> _TASK INPUTS_

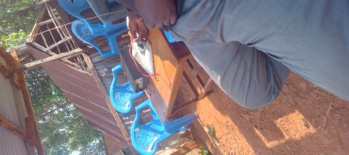 A close-up shot, slightly tilted, reveals blue plastic chairs placed beneath a dilapidated wooden structure
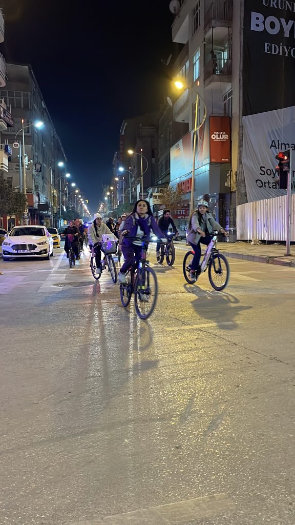 Elazığ Belediyesi karşısında başlayan etkinlikte, 25 bisiklet sever bir araya gelerek farkındalık yaratmak için pedal çevirdi. Tur güzergahı boyunca şehrin en işlek caddelerinden geçilerek kadın haklarına ve eşitliğe vurgu yapıldı. Renkli görüntülere sahne olan etkinlikte, katılımcılar bisikletleriyle şehir merkezinde farkındalık oluştururken, vatandaşlardan da destek gördü.
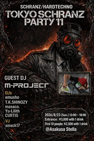 TOKYO SCHRANZ PARTY11 takes place at Asakusa Stella in Tokyo, Japan on August 23, 2026. Featuring M-Project. Techno and Industrial sounds all night.
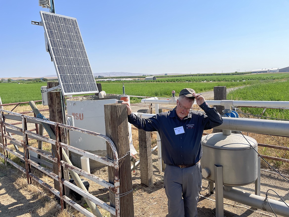 Underneath a hot Yakima Valley sun in late July at WSU’s Irrigated Agriculture Research and Extension Center Roza Farm, amidst the grapes, the hops, the hemp and the alfalfa, he stands in front of a smoker, out of which extends a long, black flexible tube — like a dryer vent hose, only scores of feet longer and strung through several rows of grape vines.
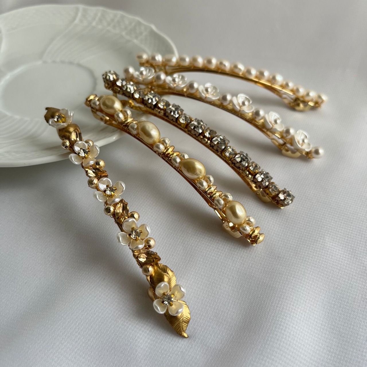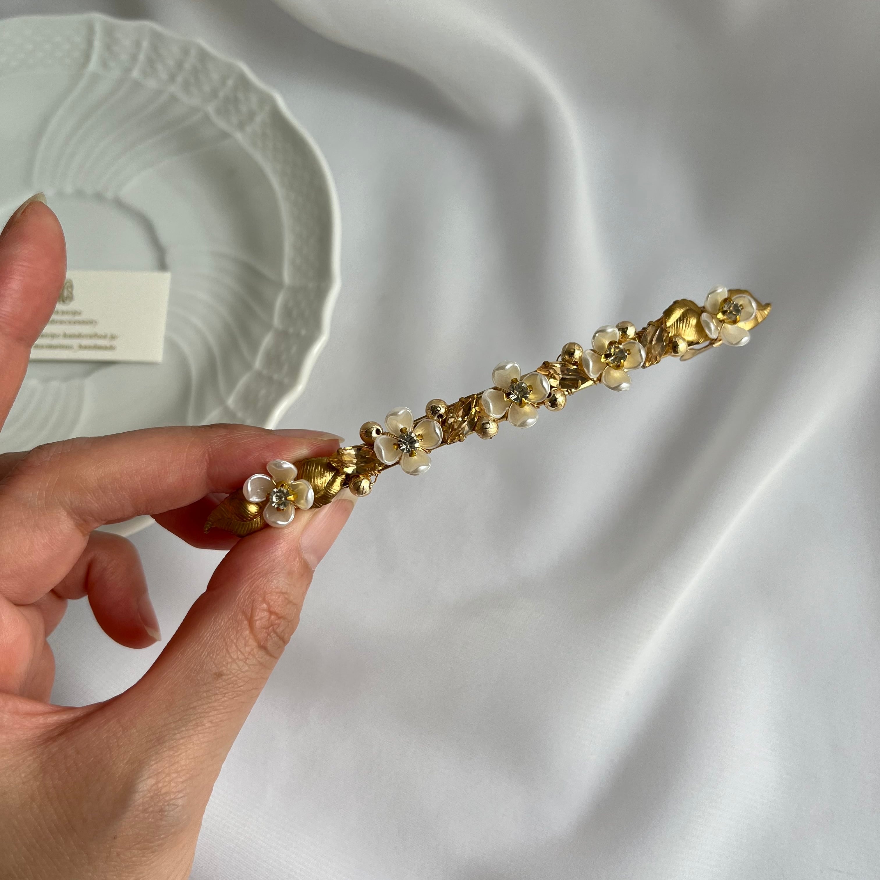 白い花々とガラスストーンが輝くロングバレッタ。上品なビジューデザインが髪に華やかな輝きを添えます。お花にはクリスタルカラーのガラスストーンで装飾し、その周りには淡いベージュカラーのストーンや真鍮リーフ、ゴールドビーズで装飾してレトロな雰囲気に仕上げています。
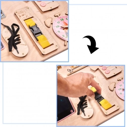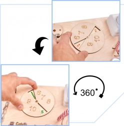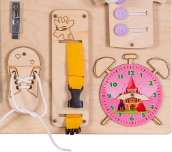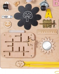 Sadrži raznoliku paletu aktivnosti: elektroničku magnetnu ploču s olovkom, obojene zupčanike, patentni zatvarač, biciklističko zvonce, različite vrste zasuna i kukica, cipelu za vezanje, košulju s gumbima, drvene brojeve i slova, kotačić s brojevima, labirint s pomičnim morskim psom, pločicu za kredu u obliku broda, mjernu ljestvicu, prekidač svjetla, utičnicu s utikačem, čičak traku, sigurno zrcalce u raketi, bravu s ključevima i remen s kopčom.
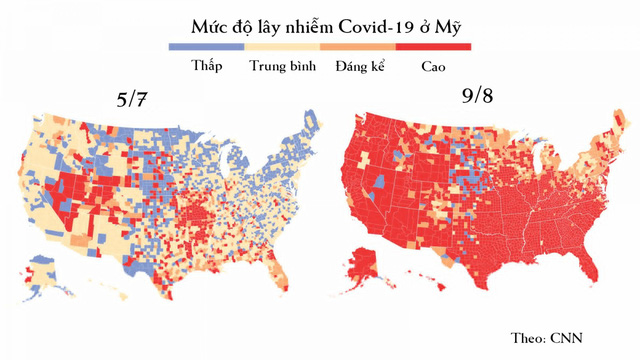 Những số liệu mới nhất từ CDC cho thấy tỷ lệ gia tăng đáng báo động số ca mắc tại những hạt được coi là có rủi ro lây nhiễm trong cộng đồng cao. Ngày 9/8, 2.361 hạt ở Mỹ được đưa vào danh sách có mức độ rủi ro cao, tăng đáng kể so với con số 457 hạt vào đầu tháng 7. So với 5 tuần trước, có thể thấy mức độ lây nhiễm nhanh chóng trong cộng đồng của dịch bệnh Covid-19 đã tăng trên khắp nước Mỹ.

> _WHAT TO WORK ON_
From the first line to the last, repeat the entries exactly and leave out the pictures.

> _EXERCISE ANSWER_
 A close-up shot, slightly tilted, reveals blue plastic chairs placed beneath a dilapidated wooden structure
 Elazığ Belediyesi karşısında başlayan etkinlikte, 25 bisiklet sever bir araya gelerek farkındalık yaratmak için pedal çevirdi. Tur güzergahı boyunca şehrin en işlek caddelerinden geçilerek kadın haklarına ve eşitliğe vurgu yapıldı. Renkli görüntülere sahne olan etkinlikte, katılımcılar bisikletleriyle şehir merkezinde farkındalık oluştururken, vatandaşlardan da destek gördü.
 TOKYO SCHRANZ PARTY11 takes place at Asakusa Stella in Tokyo, Japan on August 23, 2026. Featuring M-Project. Techno and Industrial sounds all night.
 Underneath a hot Yakima Valley sun in late July at WSU’s Irrigated Agriculture Research and Extension Center Roza Farm, amidst the grapes, the hops, the hemp and the alfalfa, he stands in front of a smoker, out of which extends a long, black flexible tube — like a dryer vent hose, only scores of feet longer and strung through several rows of grape vines.
 白い花々とガラスストーンが輝くロングバレッタ。上品なビジューデザインが髪に華やかな輝きを添えます。お花にはクリスタルカラーのガラスストーンで装飾し、その周りには淡いベージュカラーのストーンや真鍮リーフ、ゴールドビーズで装飾してレトロな雰囲気に仕上げています。
 Sadrži raznoliku paletu aktivnosti: elektroničku magnetnu ploču s olovkom, obojene zupčanike, patentni zatvarač, biciklističko zvonce, različite vrste zasuna i kukica, cipelu za vezanje, košulju s gumbima, drvene brojeve i slova, kotačić s brojevima, labirint s pomičnim morskim psom, pločicu za kredu u obliku broda, mjernu ljestvicu, prekidač svjetla, utičnicu s utikačem, čičak traku, sigurno zrcalce u raketi, bravu s ključevima i remen s kopčom.
 Những số liệu mới nhất từ CDC cho thấy tỷ lệ gia tăng đáng báo động số ca mắc tại những hạt được coi là có rủi ro lây nhiễm trong cộng đồng cao. Ngày 9/8, 2.361 hạt ở Mỹ được đưa vào danh sách có mức độ rủi ro cao, tăng đáng kể so với con số 457 hạt vào đầu tháng 7. So với 5 tuần trước, có thể thấy mức độ lây nhiễm nhanh chóng trong cộng đồng của dịch bệnh Covid-19 đã tăng trên khắp nước Mỹ.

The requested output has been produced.